People cite all sorts of reasons for opting out of vaccination. Some fear they’ll get sick from the flu shot itself, while others distrust vaccines generally, or believe the vaccine is pointless since it doesn’t protect against every flu strain. Still others assume that a flu-free past means a flu-free future. But in the vast majority of cases, experts say there’s no justification for riding out the flu season without protection.
“Last year we had an unusually long influenza season with two major overlapping influenza outbreaks. This caused a lot of influenza illness including hospitalization and mortality.
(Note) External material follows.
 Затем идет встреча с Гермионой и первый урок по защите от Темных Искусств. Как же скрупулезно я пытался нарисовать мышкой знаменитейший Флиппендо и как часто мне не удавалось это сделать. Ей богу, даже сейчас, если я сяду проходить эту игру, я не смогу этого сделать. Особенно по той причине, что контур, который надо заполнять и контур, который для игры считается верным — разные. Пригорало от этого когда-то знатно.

The year before, we had an influenza season that caused very high attack rates, high hospitalizations and high mortality in both children and older adults,” said Piedra, who is also a professor of virology and microbiology at Baylor College of Medicine in Houston. “What will happen this year, we can’t predict. But I can say that the flu will circulate and will cause problems, and the best way to protect yourself from it is to be vaccinated.”
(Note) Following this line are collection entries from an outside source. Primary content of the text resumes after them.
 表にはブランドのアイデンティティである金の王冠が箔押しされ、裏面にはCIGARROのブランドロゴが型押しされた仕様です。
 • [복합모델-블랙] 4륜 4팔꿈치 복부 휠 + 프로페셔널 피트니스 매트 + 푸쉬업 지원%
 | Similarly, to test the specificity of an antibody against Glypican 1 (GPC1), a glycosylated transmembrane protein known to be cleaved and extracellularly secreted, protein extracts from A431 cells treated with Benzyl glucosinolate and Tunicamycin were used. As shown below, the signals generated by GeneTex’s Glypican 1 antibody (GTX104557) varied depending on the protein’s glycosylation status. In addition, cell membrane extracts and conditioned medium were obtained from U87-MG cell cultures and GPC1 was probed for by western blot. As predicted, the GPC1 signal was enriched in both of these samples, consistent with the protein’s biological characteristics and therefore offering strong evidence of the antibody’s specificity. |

The flu shot: backstory and basics
The influenza virus was first isolated in a laboratory in the early 1930s, and a vaccine has been in use since the end of World War II. The flu isn’t a single virus: Instead, there are two main types of influenza, A and B, each with multiple strains. The diseases caused by all of these viral strains are collectively called “the flu,” and between 9.2 million and 35.6 million people get it every year. The vaccine helps the body produce an antibody response that will prevent viral infection.
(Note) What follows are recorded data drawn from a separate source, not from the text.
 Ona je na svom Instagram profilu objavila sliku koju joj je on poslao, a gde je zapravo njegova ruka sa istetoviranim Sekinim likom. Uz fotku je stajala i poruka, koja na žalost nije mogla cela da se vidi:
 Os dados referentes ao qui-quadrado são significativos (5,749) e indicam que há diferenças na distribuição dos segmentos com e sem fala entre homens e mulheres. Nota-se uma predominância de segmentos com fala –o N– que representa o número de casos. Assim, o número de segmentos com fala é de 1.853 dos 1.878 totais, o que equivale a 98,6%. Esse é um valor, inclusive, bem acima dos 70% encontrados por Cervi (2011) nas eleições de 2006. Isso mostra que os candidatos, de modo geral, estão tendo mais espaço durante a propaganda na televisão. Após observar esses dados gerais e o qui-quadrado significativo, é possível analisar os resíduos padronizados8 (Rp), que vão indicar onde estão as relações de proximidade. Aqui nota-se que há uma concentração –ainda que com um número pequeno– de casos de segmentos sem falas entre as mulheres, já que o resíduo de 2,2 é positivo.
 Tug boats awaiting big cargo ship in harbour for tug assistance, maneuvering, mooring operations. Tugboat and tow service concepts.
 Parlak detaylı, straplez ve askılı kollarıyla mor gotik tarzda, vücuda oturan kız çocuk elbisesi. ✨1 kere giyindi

Early flu-shot guidelines focused on vaccinating high-risk populations, meaning children, the elderly and people with compromised immune systems. Once Medicare began covering flu shot costs for patients in 1993, vaccination became more widespread in the U.S. In 2010, the CDC began recommending flu shots for everyone 6 months old and up.
The disease primarily spreads via the mouth, nose and eyes when infected people talk, cough and sneeze. It’s also possible to pick up the flu if you touch a surface harboring the virus and then touch your face, although this mode of transmission is less common. Symptoms can include fever, body aches, fatigue and sometimes diarrhea and vomiting. Most people will only get mildly ill from the flu and won’t need medical care or antiviral drugs, says Bert Kelly, a spokesman for the CDC. But one person’s mild case of the flu can turn into another person’s serious illness. That’s why the CDC asks that anyone with the flu stay home, refrain from travel and avoid contact with other people except to get medical care.
These instructions might seem obvious, but in a 2018 consumer poll of more than 2,000 CVS customers, two-thirds of respondents said they’d go to work with the flu, because they don’t like to use paid time off or because their bosses expect them to work through sickness. Respondents also said flu symptoms wouldn’t prevent them from going to the grocery store (28 percent), picking up children at school (12 percent) or taking public transportation (10 percent).
Why flu vaccines change every year
Influenza viruses mutate constantly, which is why vaccines need to be updated. Each year, researchers figure out the strains by analyzing data collected from early cases of the flu in a worldwide surveillance network. Once the virus is isolated in patients, doctors conduct testing to determine the virus subtype.
The next step entails even further testing to understand the composition of the major viruses circulating among flu-infected people. Once researchers have a best guess of the strains most likely to spread, they develop vaccines anywhere from three to six months in advance of flu season. When the vaccines match the types of flu going around, CDC research suggests that flu risk among the general population drops by 40 to 60 percent. But even if their best guess is wrong, and the flu vaccines for a given season don’t perfectly match the strains going around, they still provide some protection against infection. Vaccines contain three or four flu strains, and the antibodies your body produces after vaccination help you fight different flu viruses.
CDC research suggests that four strains are responsible for this year’s flu season: H1N1 (the flu strain behind the 2009 pandemic), H3N2 and two main lineages of the B virus. Vaccines for both H1N1and H3N2 have been updated since last year, while the B-virus vaccines are unchanged.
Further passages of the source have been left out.